The stochastic oscillator is a bounded technical indicator seeks to find oversold and overbought zones by incorporating the highs and lows using the normalization formula as shown below:

$\text{Stochastic Oscillator}_i = \left ( \frac {\text {Price}_i - \text{Lowest Low}_\text{i:n}} {\text{Highest High}_\text{i:n} - \text{Lowest Low}_\text{i:n} } \right ) \times 100$This means that at any time, it must be bounded between 0 and 100 as dictated by the mathematical formula above. We generally use the oscillator in a contrarian way where we use the concepts of oversold and overbought to describe certain extreme events.

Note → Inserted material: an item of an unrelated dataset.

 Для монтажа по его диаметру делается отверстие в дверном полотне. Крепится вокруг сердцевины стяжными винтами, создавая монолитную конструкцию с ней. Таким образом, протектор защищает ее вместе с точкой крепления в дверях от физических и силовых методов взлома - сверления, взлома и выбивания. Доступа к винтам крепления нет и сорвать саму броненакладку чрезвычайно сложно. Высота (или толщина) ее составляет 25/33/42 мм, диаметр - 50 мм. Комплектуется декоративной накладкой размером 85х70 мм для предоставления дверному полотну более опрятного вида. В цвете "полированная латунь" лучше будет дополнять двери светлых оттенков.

An **overbought** level is an area where the market is perceived to be extremely bullish and is bound to consolidate, therefore giving us a bearish bias. An **oversold** level is an area where market is perceived to be extremely bearish and is bound to bounce, therefore giving us a bullish bias. Hence, the stochastic oscillator is a contrarian indicator that seeks to signal the expected reactions of extreme movements.

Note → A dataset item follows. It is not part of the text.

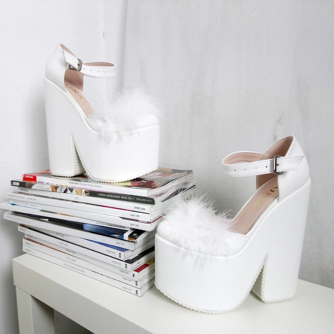 Fury Ankle Strap Platform Shoes. Heels are made from lightweight material.

*Creating the Stochastic Oscillator in Pine Script*” when it is already a built-in script in TradingView and does not require coding?

The answer to that is because we want to learn how to code all types of indicators from scratch in Pine Script so that we become fluent and comfortable back-testing and tweaking any strategy. By understanding how to code it, we are also able to code variations on the indicator such as the stochastic smoothing oscillator, an indicator discussed in previous articles.

Generally, we smooth the oscillator with a 3-period moving average applied onto it. This can be seen in the above chart with the orange line following the stochastic in blue.

To code the oscillator, we first start by choosing the version of Pine Script, the official language of TradingView. In our case, we will choose the latest version. Then as we will create an indicator, we have to tell the program that we will do that by using the `indicator()`

function. We will put two arguments inside, the title which we will call “*Our Stochastic Oscillator*” and the Boolean argument overlay. By putting false, we are telling the script that the oscillator will be in a different panel. If we were to create a moving average, we must put true.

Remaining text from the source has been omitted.